After walking alone for the past three days through rugged valleys over a distance of 30-plus miles, I have reached the land of the living once again. It has been over a month since I've seen trees, grass and flowers.
It smells fresh and clean here. After a month without a shower, the only smells high up on Everest are your own.
It is hard to believe that only five days ago I was at 23,200 feet on Everest. The world changed so much during my 12,000-vertical-foot descent.
There are not many states in the USA were you can get 12,000 feet of relief. You can't in Oregon or Colorado.
Everest gave me a special "hello" today just before I dropped down into Namche. I turned to look back and could not believe the point I saw floating high up in the clouds 18,000 vertical feet above me. It did not seem possible to have a peak sticking out of the clouds so high in the sky.
To get the same effect, you would have to add another nearly 5,000 feet to Rainier as you viewed it from around Enumclaw on a semi-clear day. Everest seemed to be telling me to hurry back. I enjoyed the sight for a couple of minutes before Everest in her entirety was swallowed up in the clouds and vanished for the day.
Once I reached the 14,000-foot level, the air became so very thick that my lungs were flowing in oxygen. The 14,000-foot level still only contains 66 percent of the oxygen breathed at sea level, but in comparison to the 41 percent I was breathing at Camp III, it is a life-giving difference.
I am feeling fortunate after my experience with high-altitude pulmonary edema.
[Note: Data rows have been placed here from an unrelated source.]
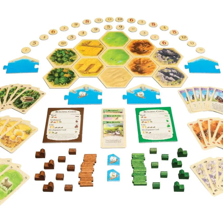 Allows you to add up to two more opponents to The Settlers of Catan. The only change in the rules is that there is a building round at the end of each turn in which any player can build.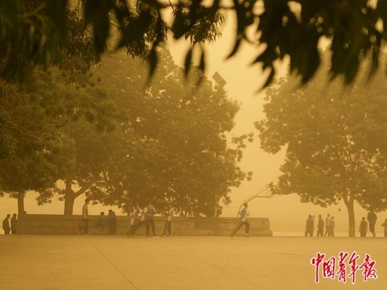 這時(shí)候,學(xué)生們?nèi)哉驹诓賵?chǎng)上說(shuō)話,上課鈴響了,才慢慢踱回樓里。學(xué)校外面,路邊的人就坐在沙霧里吃燒烤,出租車(chē)大敞著窗戶(hù)載客,騎電動(dòng)車(chē)的人偶爾瞇起眼睛,沙子打得臉疼,也絕不戴口罩。之后,人們像掃雪一樣,耐心地掃去門(mén)口、窗臺(tái)上的沙土。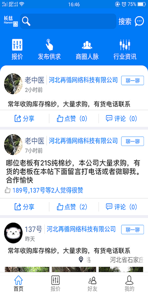 长丝圈安卓版APP,一款长丝行业的交流平台,帮助用户了解长丝行情,提供一站式的长丝服务,

I was reading the other day that up to 15 percent of HAPE victims die within a couple of hours.
My body is responding quickly. My cough is almost completely gone and I am eating huge quantities of food and sleeping 12 hours or more per night as my body recovers.
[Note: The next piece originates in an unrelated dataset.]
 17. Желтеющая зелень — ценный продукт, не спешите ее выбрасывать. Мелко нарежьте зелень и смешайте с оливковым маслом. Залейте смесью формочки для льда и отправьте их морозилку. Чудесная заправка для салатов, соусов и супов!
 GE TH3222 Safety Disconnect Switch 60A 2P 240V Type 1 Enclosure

It is too early to tell, but I still have a chance at the summit. Willie told me just as I was leaving base camp that if I can eat a lot, get healthy, ditch my cough and gain some weight, he will give up his Lhotse summit bid to return to Everest's summit with me around the 25th of May. This is incredibly generous of Willie. Not many people in the world have ever made two summit bids on Everest within a week or so of each other. Not many in the world have that kind of strength.
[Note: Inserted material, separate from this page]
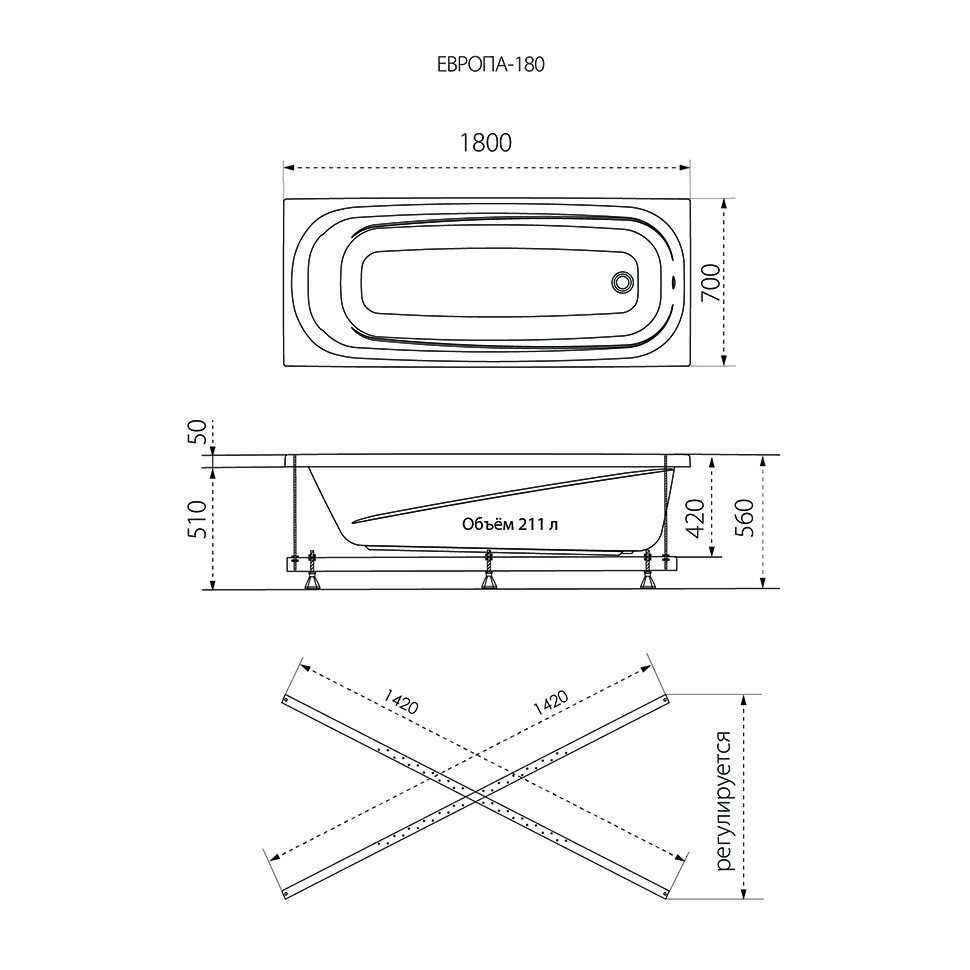 Ванна акриловая Европа 180

I will play it by ear until Willie calls me back to base camp and keep my fingers crossed. I have not given up on my dream, but although I am pretty much acclimatized for a summit bid, the summit is miles away from me, literally.
I did enjoy the three-day walk down here, lost in my thoughts as the miles passed beneath my feet. Life is so simple here in the Khumbu region. I have not even seen an automobile for more than 40 days. I imagine that many of the Sherpa people living here have never seen an automobile in their lives.
If you travel anywhere in this region, you walk. If you need to bring anything, you carry it suspended by a rope over your head. I saw a porter today carrying a large Honda generator along with five gallons of gas all suspended off a rope hanging from the top of his head. Amazing people, these porters are.
My porter, who carried my two bags full of climbing gear down from base camp, was about 5-foot-3 and 100 pounds. The equipment in my bags weighed in at 100 pounds! I will never complain about dragging those two big duffels through the airports again. Every time I struggle with them I will just picture them both strapped together hanging off a rope from the top of my porter's head as he walked more than 30 miles. He is headed on a three-day walk back to base camp once again tomorrow with another heavy load.
That's about it for now. Time to stuff myself with pizza and chocolate cake over at the bakery. It has been three hours since I ate last.